To escape the dangerous situation of vendetta justice, which degenerates
quickly into epidemic violence, justice first passed into the system of
scapegoat justice, where blame was transferred to a surrogate victim,
eventually an animal. After that, justice was assigned by impartial judges with
no relation to anyone in the case. The judge need not be without sin, just
without bribe. Atheists certainly do not think justice is impossible because it
will likely never be perfect. We have to do the best we can with what (and who)
we’ve got, namely us.
It
seems to me that the liberal and radical opposition to capital punishment is a
blatant case of the moral decadence Nietzsche blamed on Christianity. Why? The
spectacle of bleeding heart protesters holding a candle-light vigil for the
latest convicted serial-killer shows this perversity in the starkest possible
light.

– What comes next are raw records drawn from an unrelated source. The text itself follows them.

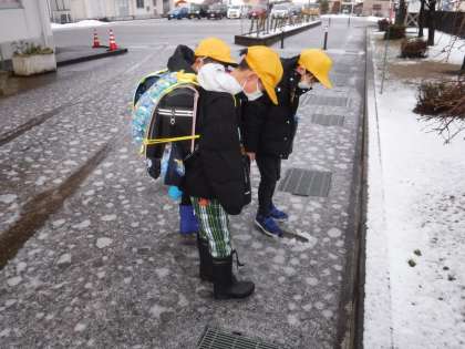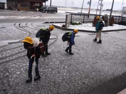 子供たちは、アスファルトにできた模様を不思議そうに見ていました。
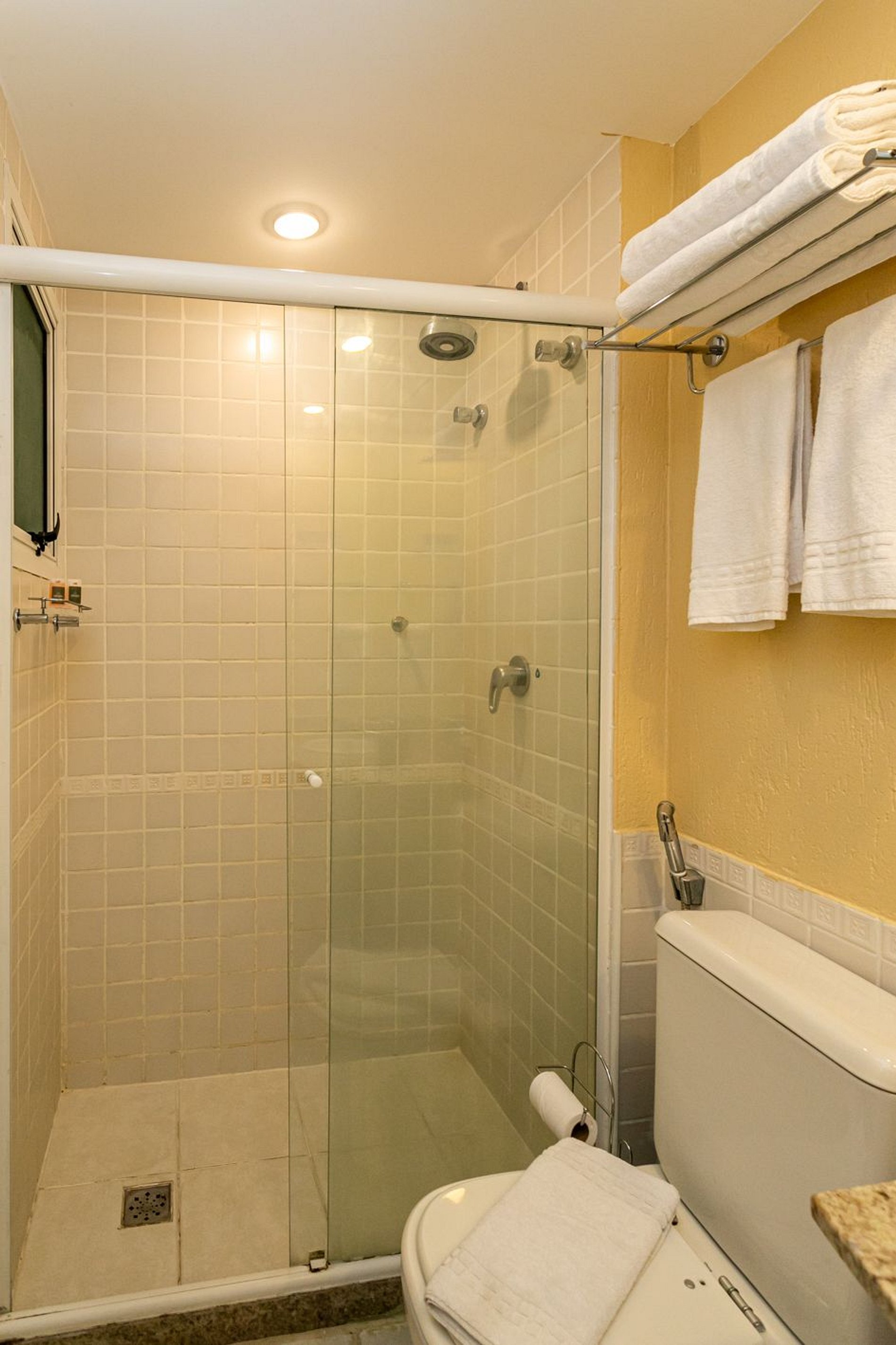 Fornecemos todo o enxoval de cama e banho e a substituição do mesmo a cada 7 dias (deixamos as peças para serem substituídas no apartamento para estadias desta duração ou maior). Para trocas em períodos mais curtos, cobramos uma taxa extra de R$ 50,00.
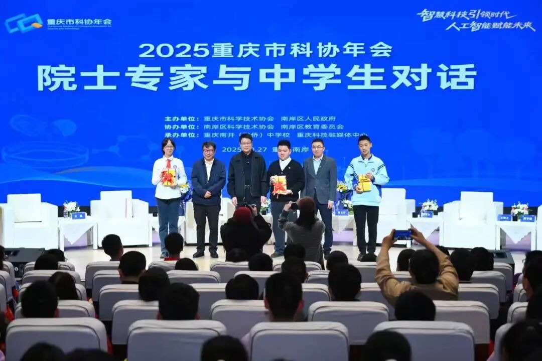 2025年重庆市科学技术协会年会在渝隆重举行。本届年会特设“院士专家与中学生对话”专场活动,为热爱科学的青少年搭建了与顶尖科学家零距离交流的珍贵平台。重庆文德中学校初三年级唐宇喆同学作为优秀学生代表受邀参与,与三位院士专家展开精彩对话,充分展现出扎实的科学素养与自信从容。
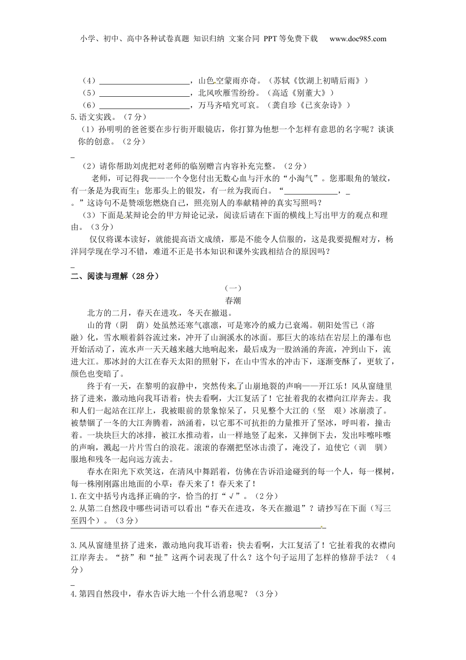 小学、初中、高中各种试卷真题知识归纳文案合同PPT等免费下载www.doc985.com小升初语文模拟试卷(十一)(分满100分,时间90分)钟一、积累与运用(42分)1.根据拼音读句填词。(8分)zhànlánguòlǜ(1)春天的野外,天空格外(),清新的空气像()过似的,méiguitiánlǒng(2)到处弥漫着()醉人的芬芳。()上走过一个盲女孩,长发piāoyìtiánjìngzhànfàng(3)在风中(),()的脸上()着笑容。她,手持fēngzhēng(),和我们一起放飞希望!2、词语百花园。(11分)(1)照例子写字词。(2分)例:表示“红”的意思的字:赤朱丹彤表示“绿”的意思的字:(2)把不一类的一个词划去。(2分)画笔砚墨纸(3)根据要求写成语。(4分)①与合作有关的成语:②与“时光荏苒”意思相近的成语:(4)选择合适的词语填空。(3分)墨黑蓝蓝闪烁飘飞轻柔温暖①太阳给月亮写信。铺开天空()的信笺,用金灿灿的阳光,写下()的问候。()的云彩,是问候开出的花朵。②月亮给太阳写信。铺开天空()的信笺,用银亮亮的月光,写下()的问候。()的星星,是问候开出的花朵。3.句子小天地。(10分)(1)春天,一朵朵花儿开放了。(把物当作人来写,使句子更生动。)(2分)(2)这些句子好生动,我会接着写。(4分)花开了,就像花睡醒似的;虫子叫了,就像;,。(3)病句修改。(4分)①通过主题队会,激发了我们热爱祖国的感情。②历史博物馆展出了两千多年前的新出土的一大批文物。4.古诗文默写。(6分)(1)少壮不努力,。(汉乐府《长歌行》)(2)九曲黄河万里沙,。(刘禹锡《浪淘沙》)(3)一水护田将绿绕,。(王安石《书湖阴先生壁》)小学、初中、高中各种试卷真题知识归纳文案合同PPT等免费下载www.doc985.com(4),山色空蒙雨亦奇。(苏轼《饮湖上初晴后雨》)(5),北风吹雁雪纷纷。(高适《别董大》)(6),万马齐喑究可哀。(龚自珍《已亥杂诗》)5.语文实践。(7分)(1)孙明明的爸爸要在步行街开眼镜店,你打算为他想一个怎样有意思的名字呢?谈谈你的创意。(2分)(2)请你帮助刘虎把对老师的临别赠言内容补充完整。(2分)老师,可记得我——一个令您付出无数心血与汗水的“小淘气”。您那眼角的皱纹,有一条是为我而生;您那头上的银发,有一丝为我而白。“,。”这诗句不是赞颂您燃烧自己,照亮别人的奉献精神的真实写照吗?(3)下面是某辩论会的甲方辩论记录,阅读后请在下面的横线上写出甲方的观点和理由。(3分)仅仅将课本读好,就能提高语文成绩,那是不能令人信服的,这是我要提醒对方,杨洋同学现在学习不错,难道不正是书本知识和课外实践相结合的原因吗?二、阅读与理解(28分)(一)春潮北方的二月,春天在进攻,冬天在撤退。山的背(阴荫)处虽然还寒气凛凛,可是寒冷的威力已衰竭。朝阳处雪已(溶融)化,雪水顺着斜谷流过来,冲开了山涧溪水的冰面。那巨大的冻结在岩层上的瀑布也开始活动了,流水声一天天越来越大地响起来,最后成为一股汹涌的奔流,冲到山下,流进大江。那冰封的大江在春天太阳的照射下,在山中雪水的冲击下,逐渐变酥了,更软了,颜色也变暗了。终于有一天,在黎明的寂静中,突然传来了山崩地裂的声响——开江乐!风从窗缝里挤了进来,激动地向我耳语着:快去看啊,大江复活了!它扯着我的衣襟向江岸奔去。我和人们一起站在江岸上,我被眼前的景象惊呆了,只见整个大江的(坚艰)冰崩溃了。被禁锢了一冬的大江奔腾着,汹涌着,以它那不可抗拒的力量推开了坚冰,呼叫着,撞击着。一块块巨大的冰排,被江水推动着,山一样地竖了起来,又摔倒下去,发出咔嚓咔嚓的声响,溅起一片片雪白的浪花。滚滚的春潮把坚冰击溃了,淹没了,迫使它(训驯)服地和残冬一起向远方流去。春水在阳光下欢笑这,在清风中舞蹈着,仿佛在告诉沿途碰到的每一个人,每一棵树,每一株刚刚露出地面的小草:春天来了!春天来了!1.在文中括号内选择正确的字,恰当的打“√”。(2分)2.从第二自然段中哪些词语可以看出“春天在进攻,冬天在撤退”?请抄写在下面(写三至四个)。(3分)3.风从窗缝里挤了进来,激动地向我耳语着:快去看啊...

Such protesters imagine that there is no moral difference between the
unfeeling murderer and the state who executes him, as if “killing” were the
only relevant feature defining the situation. That is absurd, like placing
Hitler and his victims on the same level. Don’t you see where this irony comes
from? For one thing, it stems directly from the herd mentality whereby the
cringing slave seeks refuge in a mass of morally equal faceless drones. Let no
one be judged on merit! The doctrine of salvation by grace, whereby all are
deemed equal in God’s sight, is, as Feuerbach knew, the refuge of the guilty
coward. See? If Jeff Dahmer can’t be held responsible,
then neither can I, for I will never be guilty of anything remotely so bad!
It
is a moral version of the reluctance of teachers unions to accept professional
competency testing or merit pay. How much safer to take refuge in the miasma of
the collective which no one ever calls to task. Objectors to capital punishment
are reducing the killer and the state to what Rene Girard calls “mimetic
doubles,” between whom no moral distinction can any more be drawn. And this is
to upend the rules of the only game in town, the Social Compact. Why should
atheists join the religious in crusading on behalf of their dogma that all
human lives are to be protected no matter what? Now, to war. Not all or even most Christians oppose it.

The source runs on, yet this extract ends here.